Encourage students to prepare presentations that outline their inquiry investigations so they can compare results with others. Students might do a Gallery Walk through the presentations and write peer reviews, as would be done on published science and engineering findings. Students might also make comparisons with material they find on the Internet, the information presented in the video, or an expert they chose to interview. Remind students to credit their original sources in their comparisons. Elicit comparisons from students with prompts such as the following:

         My ideas are similar to (or different from) those of the experts in the video in that….

         My ideas are similar to (or different from) those of my classmates in that….
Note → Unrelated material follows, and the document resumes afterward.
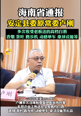 四、海南省教育廳職業教育與成人教育處原一級調研員、定安縣委原常委盧剛違規收受禮品禮金、違規接受宴請等問題。2020年至2024年,盧剛多次違規收受管理和服務對象、私營企業主所送禮金和高檔白酒、香煙、茶葉、跑步機、動感單車、桌球設施等禮品;多次接受管理和服務對象、私營企業主安排的宴請;將其本人在酒店的食宿費用交由工程個體承包商支付。盧剛還存在其他嚴重違紀違法問題。2025年4月,盧剛被開除黨籍、開除公職,涉嫌犯罪問題被移送檢察機關依法審查起訴。

         My ideas are similar to (or different from) those that I found on the Internet in that….

 

Students might make comparisons like the following:

My ideas are similar to the demonstration in the video because the quadrocopters were less successful in completing a task the first time they attempted it, just as we were less successful at completing tasks the first time we attempted them.

 

Reflect on Learning

Students should reflect on their understanding, thinking about how their ideas have changed or what they know now that they didn’t before. Encourage reflection, using prompts such as the following:

         I claim my ideas have changed from the beginning of this lesson because of this evidence…

         My ideas changed in the following ways…

         I wish I had been able to spend more time on….

         Another investigation I would like to try is….

         Now I understand…

 

Inquiry Assessment

See the rubric included in the student Copy Masters on page 19.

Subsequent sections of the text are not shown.